Unnamed: 0,Movie_Id,Year,Name
0,1,2003,Dinosaur Planet
1,2,2004,Isle of Man TT 2004 Review
2,3,1997,Character
3,4,1994,Paula Abdul's Get Up & Dance
4,5,2004,The Rise and Fall of ECW


In [4]:
# Get IMDB movie csv
# pattern metching will use regex: "^tt[0-9]*\t(movie|short|tvSeries|tvShort|tvMovie|tvSpecial|tvMiniSeries)\t"
# *do not change this pattern unless you plan on redoing the NLP vector encodings!
stream = StringIO()
header = True # We want the first line always
with open(imdb_movie_titles, "r") as file:
    patrn = "^tt[0-9]*\t(movie|short|tvSeries|tvShort|tvMovie|tvSpecial|tvMiniSeries)\t"
    for line in file:
        if re.search(patrn, line) or header:
            stream.write(line)
            header = False
stream.seek(0)
imdb = pd.read_csv(stream,
                   sep='\t',
                   header=0)
imdb = imdb[imdb.startYear.apply(lambda x: x.isnumeric())].dropna(subset='startYear', inplace=False)
imdb["endYear"] = imdb.endYear.apply(lambda x: x if x.isnumeric() else np.nan)
imdb['endYear'] = imdb['endYear'].astype("Int64")
imdb['startYear'] = imdb['startYear'].astype("Int64")
stream.close()
file.close()

In [5]:
print(f'{imdb.shape = }')
imdb.head()

imdb.shape = (1836898, 9)


Unnamed: 0,tconst,titleType,primaryTitle,originalTitle,isAdult,startYear,endYear,runtimeMinutes,genres
0,tt0000001,short,Carmencita,Carmencita,0,1894,,1,"Documentary,Short"
1,tt0000002,short,Le clown et ses chiens,Le clown et ses chiens,0,1892,,5,"Animation,Short"
2,tt0000003,short,Pauvre Pierrot,Pauvre Pierrot,0,1892,,4,"Animation,Comedy,Romance"
3,tt0000004,short,Un bon bock,Un bon bock,0,1892,,12,"Animation,Short"
4,tt0000005,short,Blacksmith Scene,Blacksmith Scene,0,1893,,1,"Comedy,Short"


In [6]:
imdb['titleType'].unique()

array(['short', 'movie', 'tvSeries', 'tvShort', 'tvMovie', 'tvMiniSeries',
       'tvSpecial'], dtype=object)

In [7]:
len(imdb)

1836898

### Title comparison using NLP

There are multiple ways to perform NLP on the dataset. The main goal is to vectorize each title and then get a similarity score to find which title is the closest. Due to scope of this project, we will use a pretrained model to compute cosine similarities between titles. Bert-as-a-serveice is a sentence encoding API which allows us to encode a variable-length "sentance" (movie title) to a fixed-length vector. Doing so will alow us to compare the titles of one dataset to the titles of another based on a normalized score.

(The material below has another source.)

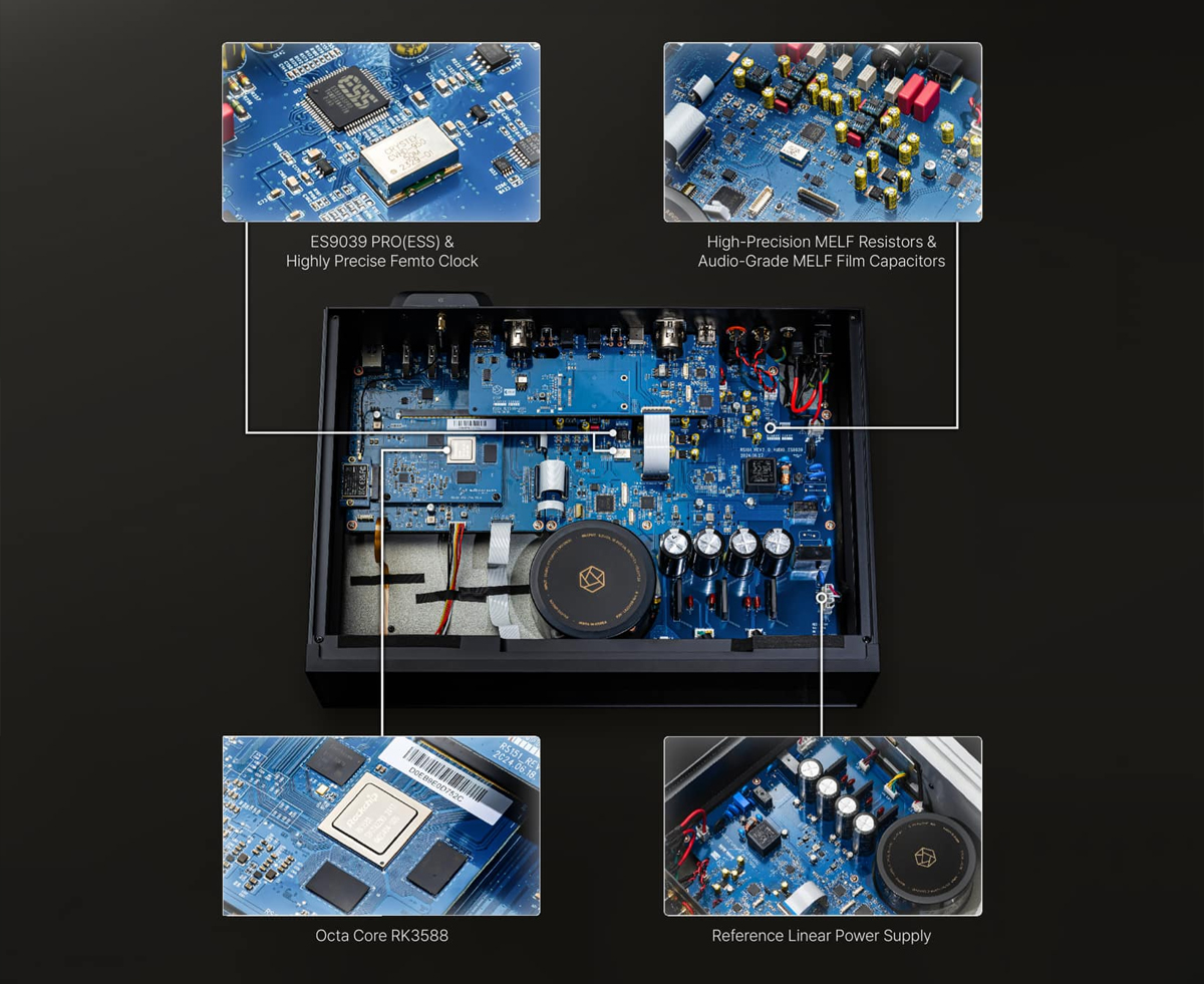 Ο σχεδιασμός του DAC του RS151 βασίζεται στο ES9039PRO DAC chip με τεχνολογία Hyperstream τέταρτης γενιάς. Εδώ, οι διαδρομές του ψηφιακού και του αναλογικού σήματος είναι πλήρως διαχωρισμένες, διασφαλίζοντας ότι κάθε κύκλωμα λειτουργεί ανεξάρτητα και με μειωμένες παρεμβολές. Ο νέος streamer επωφελείται επίσης από τον ROSE Audio Engine. Αυτή η εσωτερική ανάπτυξη της εταιρείας διασφαλίζει ότι όλος ο ψηφιακός ήχος μεταφέρεται στο DAC χωρίς απώλειες, επιτρέποντας ακριβή επεξεργασία του σήματος. Ο αναβαθμισμένος 8-Core επεξεργαστής του RS151 προσφέρει τετραπλάσια επεξεργαστική ισχύ δεδομένων και οκταπλάσια απόδοση γραφικών σε σύγκριση με οποιαδήποτε άλλη συσκευή της τρέχουσας σειράς της Rose.

To run this, python 3.6 is needed with tensorflow 1.10

Follow this guide to set up (https://bert-as-service.readthedocs.io/en/latest/section/get-start.html#installation) and this guide to run as an example (https://bert-as-service.readthedocs.io/en/latest/tutorial/simple-search.html)

We are using Google's multi-lingual cased bert model to vectorize titles (https://github.com/google-research/bert#sentence-and-sentence-pair-classification-tasks), which is a 12-layer neural network with 768 hidden layers, 12-heads, and 110M parameters. Scoring is based on cosine similarity and is weighted beased on the difference between the years created of each key-pair, with absolute years > 4 being highly penalized.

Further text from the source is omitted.